Ik heb een mooie broek aan. Een groene.

Er zitten wel wat lelijke vlekken op, vindt men in Zijperspace.

rinkelen

Ik herkende met gemak ‘t lichte getik van ‘t vallende dubbeltje. & Ook ‘t doffe geklonk van de stuiver. ‘t Kwartje stuiterend op de vloer was geen vreemde voor me. & Bij ‘t schudden van een zakje guldens wist ik wat ik in m’n hand had. De rijksdaalder klonk zwaar, licht melodieus zelfs; was ook van alle andere munten te onderscheiden.

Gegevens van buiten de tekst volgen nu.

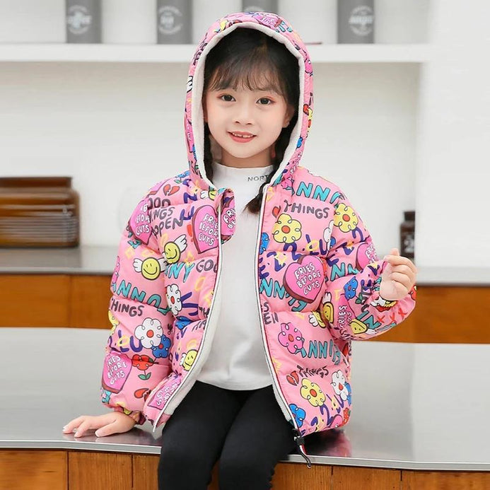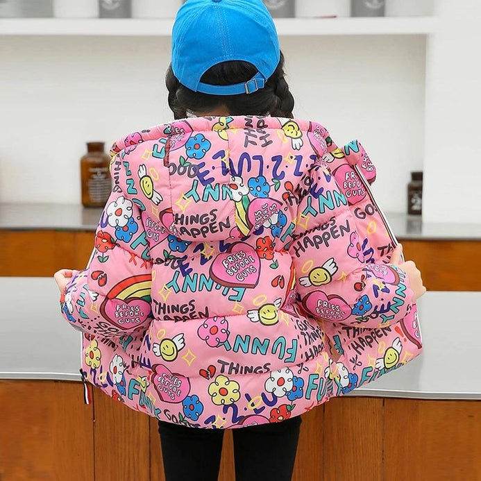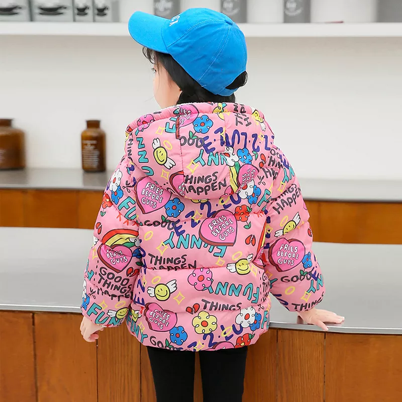 - LD All Over Things Happens Full Sleeves Tea Pink Puffer Jacket 8339
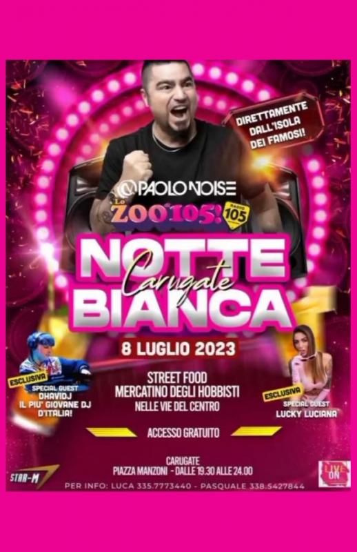 In Piazza Manzoni a Carugate in provincia di Milano si svolge nella giornata di Sabato 08 Luglio 2023 la Notte Bianca.
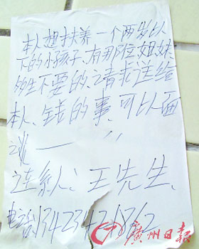 昨日下午,在深圳光明新區(qū)公明辦事處上村社區(qū),記者竟然在一棟樓的墻壁上看見一張買小孩的廣告(見左圖)。這是一張用圓珠筆寫成的廣告,署名為王先生的人稱自己想收養(yǎng)一個(gè)兩歲以下的孩子,請(qǐng)有多生孩子的姐妹送給自己一個(gè),價(jià)錢可以面談。按照廣告上留的電話,記者撥打過去。接電話的女子稱自己和老公結(jié)婚多年未孕,想收養(yǎng)一個(gè)孩子,只好寫了小廣告貼在墻上,希望找到合適的孩子。民政部門的負(fù)責(zé)人表示,這種街頭廣告收養(yǎng)小孩的方式顯然是不合法的,并提醒市民千萬不要上當(dāng)受騙。(記者 阮曉光攝)
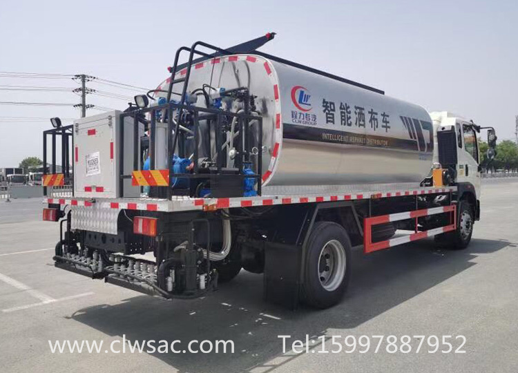沥青洒布车是一种专业洒布乳化沥青、稀释沥青、热沥青、高粘度改性等沥青的智能化自动化高科技产品。用于修筑高等级公路沥青路面底层的透层油、防水层、粘结层的洒布。该洒布车由汽车底盘、沥青罐体、沥青泵送及喷洒系统、导热油加热系统、液压系统、燃烧系统、控制系统、气动系统、操作平台构成。该车操作简便,在吸收国内外同类产品各项技术的基础上,增加了确保施工的质量技术含量和突出改善施工条件、施工环境的人性化设计。其合理可靠的设计确保了沥青的洒布均匀度,计算机控制稳定可靠,整车技术性能已达到世界先进水平。该车经过我公司各方面的改善可以在更恶劣的条件下进行工作。

Ondertussen ben ik ruimschoots gewend aan de verschijning van €-munten: 5 dagen in de week werk ik er mee, die andere 2 gebruik ik ‘t als consument. In 1 oogopslag zie ik ‘t verschil tussen munten met lagere waarde dan 1 € & die van meer. & Ook aan de grootte-verschillen zijn m’n ogen inmiddels gewend.
Om me te realiseren hoeveel geld ik uitgeef bij aankoop van luxe-goederen, of hoeveel salaris ik ontvang aan ‘t eind van de maand, zie ik me nog altijd genoodzaakt ‘t bedrag te vermenigvuldigen met 2,2. Dan besef ik me weer wat ‘t waard is.
Ter illustratie van ‘t nog niet beseffen van de waarde: ik heb tegenwoordig eerder € 100,- op zak, dan € 50,-. Terwijl ik vroeger 100 gulden toereikend achtte.

Ik kan met voorgaande aspekten van ‘t gebruik van de € niet zitten. Dat zal een geleidelijk gewenningsproces zijn. Misschien gaan er wel jaren overheen voordat de gewenning volledig is. Daar hield ik voor de introduktie rekening mee.

Maar dat geluid, dat geluid is verdwenen.
Als iemand een muntje liet vallen, wist ik gelijk wát er viel: ‘Ach, ‘t is maar een duppie.’
Moest ik de kassa vullen, dus de zakjes kleingeld daarin legen, wist ik bij ‘t rammelen welk zakje in welk vakje geleegd moest.
Dat is niet meer. Er vind geen 1duidig gerammel plaats, waardoor vergissing niet mogelijk is. ‘t Rammelen van de zakjes levert een geluidsworst op: alles klinkt ‘tzelfde. ‘t Stuiteren van een muntje op de grond kan betekenen dat ‘t eender welk muntje uit de hand geglipt is. Slechts 1 & 2 cent kunnen hierin herkend worden, maar juist die zijn in dat geval niet interessant.

‘t Geluid van de €-muntstukken mist karakter. Er is geen onderscheidend geluid die elk munt uniek maakt. Geen trilling der metalen doet de oren spitsen.

Ik tr€m ‘t gemis van mooi gerinkel in Zijperspace.